FHBDSR-Net: automated measurement of diseased spikelet rate of Fusarium Head Blight on wheat spikes
Ze Wu, Haowei Zhao, Zeyu Chen, Yongqiang Suo, Seena Joseph, Xiaohui Yuan, Caixia Lan, Weizhen Liu

TL;DR
This paper introduces FHBDSR-Net, a deep learning framework for automatically measuring the diseased spikelet rate in wheat affected by Fusarium Head Blight, improving efficiency and accuracy over manual methods.
Contribution
The novel FHBDSR-Net framework addresses data scarcity and spatial encoding limitations in detecting densely arranged diseased wheat spikelets.
Findings
FHBDSR-Net achieved 93.8% average precision in detecting diseased spikelets.
The method showed strong correlation with expert evaluations (Pearson r = 0.901).

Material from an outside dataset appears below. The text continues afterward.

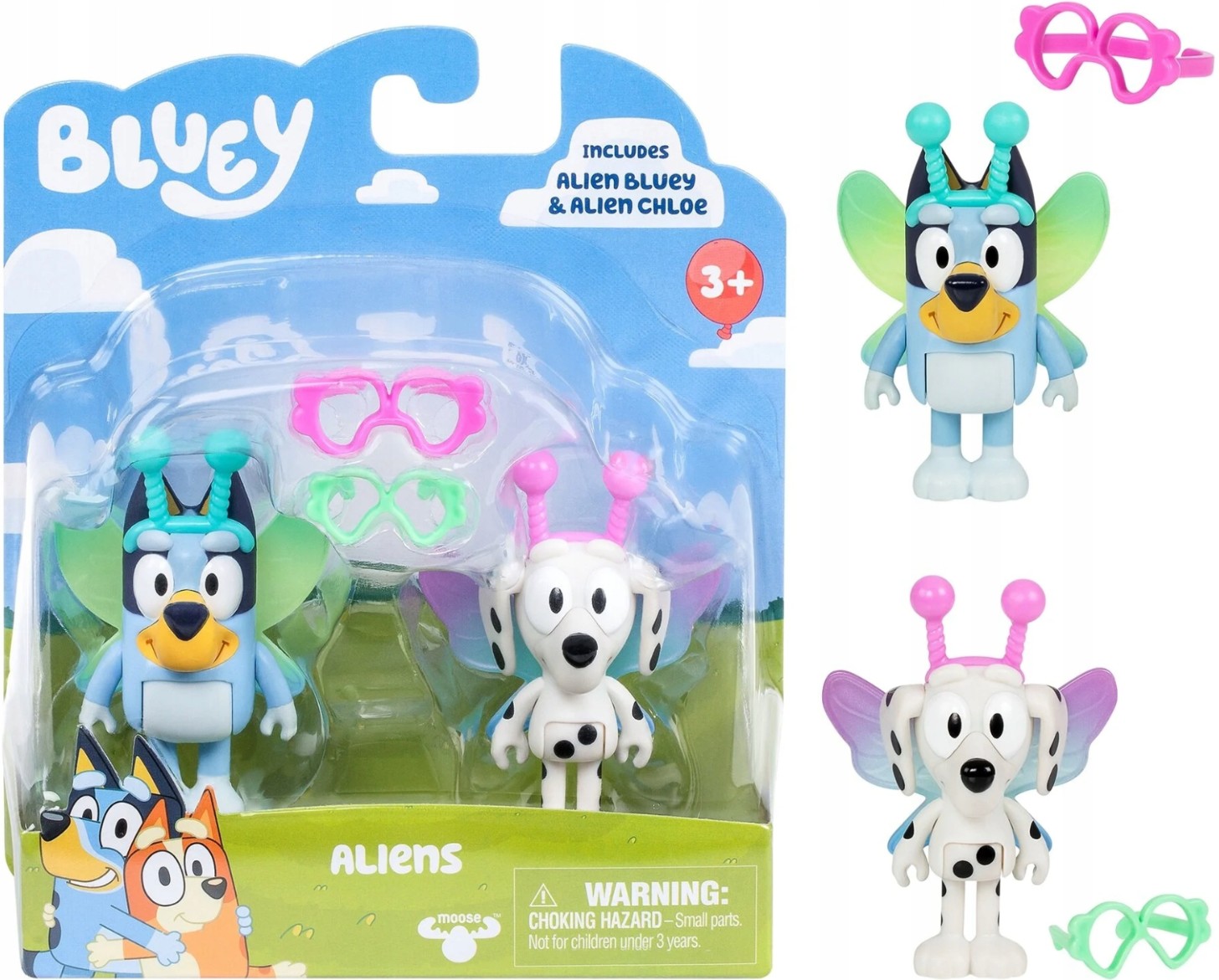 Acest set Bluey 2-Pack conține două figurine Bluey și Chloe de 6,4 cm cu accesorii pentru costume de extratereștri!
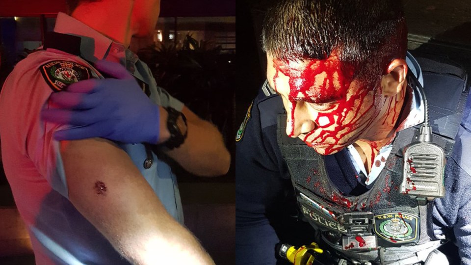 The injured officers were also taken to St Vincent’s Hospital, where a 40-year-old male senior constable was treated for a laceration to the left side of his head and a cut to his left shoulder.

The framework is lightweight (7.2M parameters) and suitable for mobile deployment.
Abstract
Fusarium Head Blight (FHB), a fungal wheat (Triticum aestivum) disease that threatens global food security, requires precise quantification of diseased spikelet rate (DSR) as a phenotypic indicator for resistance breeding. Most techniques for measuring DSR rely on manual spikelet-by-spikelet observation and counting, which is inefficient and destructive. Although deep learning offers great promise for automated DSR measurement, existing intelligent detection algorithms are hampered by the lack of spikelet-level annotated data, insufficient feature representation for diseased spikelets, and weak spatial encoding of densely arranged spikelets. To address these challenges, we constructed a dataset of 620 high-resolution RGB images of wheat spikes with 5,222 spikelet-level annotations to systematically analyze spikelet size distributions to fill small-object detection data gaps in this…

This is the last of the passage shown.